Panic engulfs me, and without thought, I spin around and throw out my fist, connecting with something hard, which makes me squeal out in pain as well as fright.
“Oh, fuck, ow!” the male voice groans. “I couldn’t have been that bad in bed, could I?”
Finally, I look up and come face to face with the man I have been thinking about all day.
“Luke? What the hell? You scared the life out of me!” I shout, holding my hand against my chest.
“By saying hello? I’ll make sure to stand five feet away the next time I greet you,” he says whilst rubbing his jaw.
He looks just as good as he did last night, wearing suit pants and a black coat. The only major difference is the blood dripping from his lip.
“Oh, my god. I am so sorry. You’re bleeding.” I state.
Using the back of his hand, he swipes at his face, coating it in blood.
I raise my own hand to inspect the damage I’ve caused him, but the second I attempt to move my fingers, a cry leaves my lips.
Shit, I think I’ve dislocated my knuckle or something.
I know better than that, I’ve trained in self-defence for years.
“Give me your hand,” he says sternly, all emotion draining from him.
“It’ll be fine, don’t worry,”
“Don’t worry? My face just broke your hand.
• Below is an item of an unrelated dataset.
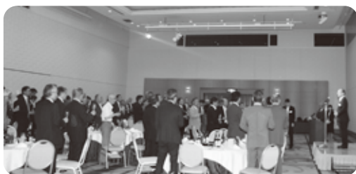
懇親会 乾杯の様子

今年度の中央会は、「組合ブランドを発信し、中小企業の地位向上を図る！」を支援目標に掲げ、組合という組織自体のブランド力向上を推進し、傘下中小企業等が持ち前の機動力を発揮し、その底力で多様に変化する環境に対応し、新たな活路を切り拓いていくための支援を行う。恒常的活動である巡回及び窓口相談等により把握した組合や中小企業者の事業ニーズに対し、柔軟かつ具体的な課題解決策を提案していく。また、組合等の経営基盤の強化を図るための事業として、専門家派遣、研修会実施の他、地域資源に着目した連携の発掘、人材確保、女性の活躍推進の事業について重点的に取り組む。なお、ものづくり補助金に係る地域事務局としての役割は継続して担う。

If we don’t look at it, you won’t be going to work any time soon. Now, give me your hand.”
Well, fuck. I didn’t think of that. All I thought was the need to escape. Of the memories that came over me.
“What are you going to do? I’m best seeing a doctor or something,” I say.
“Well, it’s a good job there's one right in front of you,” he says with a smile.
Well, that makes sense. He has the whole look going for him, and it explains the tidiness of his apartment. Why does he seem more attractive now that I know his job role? Wasn’t he gorgeous enough before?
“You're a doctor? And I hit you! I’m so sorry,” I cringe, looking down at the floor. I’m sure this is a felony. I don’t think I'd cope well in prison. I'd be someone's bitch in no time.
With his free hand, he uses it to lift my chin.
“You have nothing to be sorry for. Actually, I'm quite impressed, not many people could throw a punch like you,” he winks. “Come on, let's go and get you checked over.”